Strata Thickness- In the late 1800s, a British geologist estimated that 75 million years has lapsed since the beginning of the Cambrian.
This estimate was based upon the maximum known thickness of strata (from Cambrian to present) divided by the average rate of sedimentation in modern environments. Joly used the salinity of ocean water to determine the age of the earth.
Presumably if all the world’s outcrops were integrated, sediments representing all of geologic time would be available for examination.
This optimistic hope, however, must be tempered by the realization that much of the record—older than 541 million years—is missing.
New discoveries have filled in the gaps, and shown us in unimaginable detail the shape of the great ‘tree of life’.

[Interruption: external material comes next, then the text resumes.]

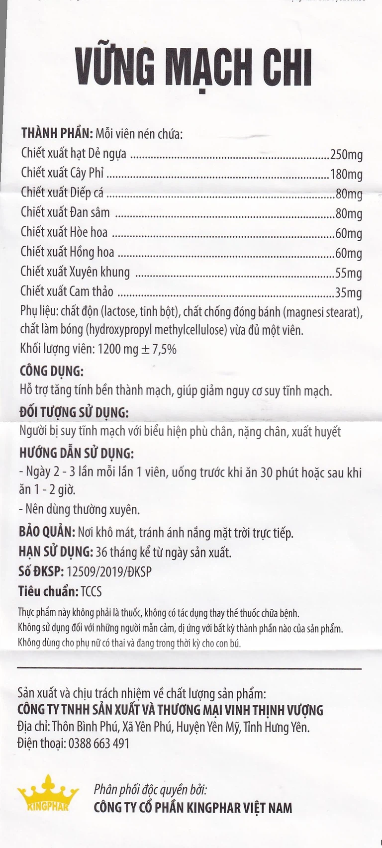 Viên uống Vững Mạch Chi Kingphar hỗ trợ tăng tính bền thành mạch, giảm nguy cơ suy tĩnh mạch (6 vỉ x 10 viên)

Darwin and his contemporaries could never have imagined the improvements in resolution of stratigraphy that have come since 1859, nor guessed what fossils were to be found in the southern continents, nor predicted the huge increase in the number of amateur and professional paleontologists worldwide.
Our understanding of the shape and pattern of the history of life depends on the accuracy of fossils and dating methods.
Chronometric dating has advanced since the 1970s, allowing far more accurate dating of specimens.
Furthermore, useful fossils are either rare or totally absent in rocks from Precambrian time, which constitutes more than 87 percent of Earth history.
Precambrian rocks must therefore be correlated by means of precise isotopic dating.
He holds a Bachelor of Science, postgraduate diplomas in journalism and website design and is studying for an MBA.
Geochronology is the science of dating and determining the time sequence of events in the history of the Earth.